- Native name: أنتوني فراج
- Church: Catholic Church
- Archdiocese: Melkite Patriarchal Vicariate of Egypt and Sudan
- In office: 11 December 1922 – 1928
- Predecessor: Etienne Soukkarie
- Successor: Dionysius Kfoury
- Other post: Titular Bishop of Damiata dei Greco-Melkiti (1961-1963)
- Previous post: Titular Archbishop of Laodicea in Syria per i Melchiti (1922-1961)

Orders
- Ordination: 20 July 1908
- Consecration: 1 January 1922 by Demetrius I Qadi

Personal details
- Born: 28 December 1885 Damascus, Syria vilayet, Ottoman Empire
- Died: 9 November 1963 (aged 77)

= Anthony Farage =

Catholic bishop (1885–1963)

Anthony Farage (28 December 1885 in Damascus – 9 November 1963), also Anthony Faraj, was titular archbishop and Patriarchal vicar of the Patriarchal vicariate of Egypt and Sudan.

==Life==

Anthony Farage was ordained to the priesthood on 20 July 1908. On 1 January 1922, he was appointed and consecrated bishop on the same day.
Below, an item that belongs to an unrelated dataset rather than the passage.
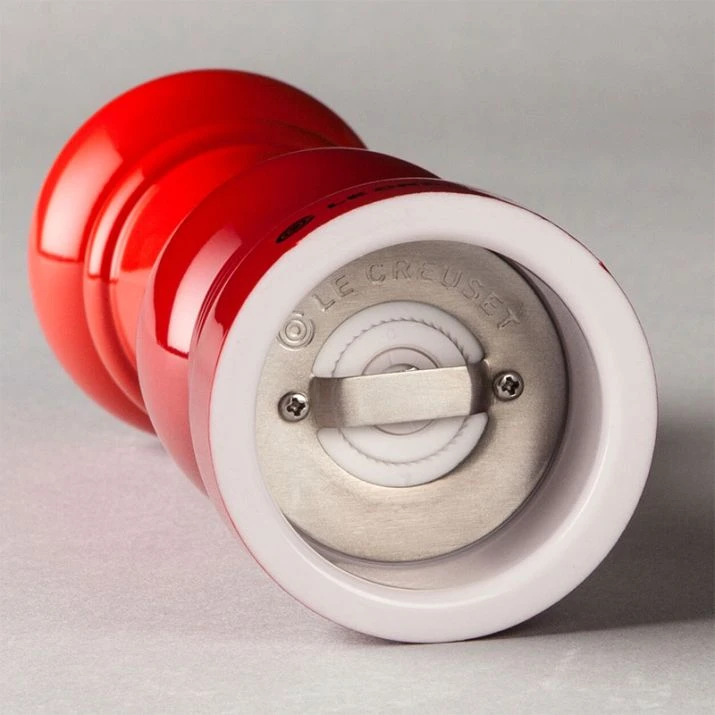 Molinillo rojo de Le Creuset, con cuerpo de plástico, mecanismo de cerámica y pomo regulador de acero inoxidable.

His consecrator was the Patriarch of Antioch, Archbishop Demetrius I Qadi. On 11 December 1922, Farage was named titular bishop of Laodicea in Syria of the Greek Melkites and confirmed as Patriarchal Vicar of Alexandria. From 1 January 1922 until his death on 9 November 1963, he was procurator in Antioch. In addition to the office, he was the 1922-1928 Patriarchal Vicar of Alexandria and was the successor of Etienne Soukkarie. His successor to the patriarchal vicar was Dionysius Kfoury. On 7 March 1961, he was appointed Titular Archbishop of Damietta dei Greco-Melkiti.